Rapid and unplanned economic development has taken its toll on ecosystems, which provide vital sources of natural protection against disasters. For instance, despite the fact that intact mangrove forests can reduce the flow rate of tsunamis by up to 90%, at least half of all mangrove forests have disappeared globally. In the Philippines, 70% of mangroves were destroyed (PDF) from 1918-1993. This destruction has substantially increased physical exposure to disasters and reduced the natural environment’s ability to mitigate the risk.
Of the three disaster variables, vulnerability is the most closely linked to the social, economic, and political environments. By definition, some groups appear more vulnerable to disaster risks than others. Key intervening variables include class, occupation, caste, ethnicity, gender, disability, physical and psychological health, age, immigration status, and social networks. One’s ability to access the resources s/he needs to cope with and adapt to stress – their “architecture of entitlements” (paywall) – is determined by these various factors, which shape social relations, political contexts, and structures of domination.
Differential vulnerability helps to ensure that different individuals and groups weather (no pun intended) disasters better than others. During the 2004 Indian Ocean tsunami, for instance, women were three to four times more likely to die than men in affected areas. This outcome occurred for a variety of reasons. Due to cultural norms, most women wore bulky clothing that covered most of their bodies; when this got wet, it weighed them down. Women were also far less likely to be able to swim (PDF) given their social roles and religious mores.
Interestingly, even natural hazards –the most natural of the three variables – have also undergone changes due to human actions. Global temperatures have increased 0.85°C since 1880. Since the 1970s, global average precipitation has decreased by 10cm per year, but it has increased by more than 20% in certain regions (including the Northeast and Midwestern US). Accordingly, the number of extreme events associated with climate change rose by 50% over this three decade period. There even appears to be evidence that human activities can alter seismic risks.
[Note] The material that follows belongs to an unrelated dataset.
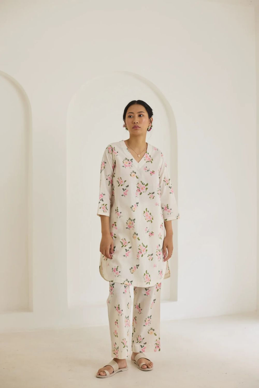 Model is 5 feet 6 inches tall and wearing a size small. Kurta Length 35 inches. Pant Length 36 inches.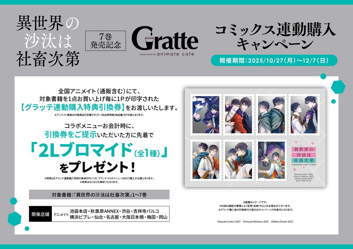 【#グラッテ 情報】 【「異世界の沙汰は社畜次第」7巻発売記念Gratte】 ご好評につき完売しておりました コミックス連動購入特典【2Lブロマイド(全1種)】 店頭分が再入荷いたしました。 皆様のご来店お待ちしております。 #異世界の沙汰は社畜次第 #いせしゃち x.com/animateumeda/s…

Researchers have connected a string of earthquakes in states from Ohio to Oklahoma to the high-pressure injection of wastewater into underground wells.
While it is difficult for reporters on a deadline to analyze the social, economic, and political drivers of various disasters, it is important that we begin to inch away from the myth of naturalness. Placing the blame for every disaster on the “capricious hand” of God or nature is dangerous and irresponsible.
First, it strips robs disaster survivors of their agency. They are just poor victims suffering from Acts of God. Secondly, in places where disasters are common (like the Philippines) it allows people who are disconnected from the events to blame the victims for not moving away from the threat. Thirdly – and perhaps most importantly – this mindset tends to make us complacent. If we accept disasters as natural events that we cannot control, what is our incentive to invest in disaster risk reduction strategies like curbing poverty, replanting mangrove forests, or hardening critical infrastructure? What is the hook for curbing carbon emissions to mitigate climate change?
The first step to addressing the rise in disasters worldwide is to admit that disasters aren’t natural. They’re manmade. Maybe if we do that we can get off our asses and do something about them.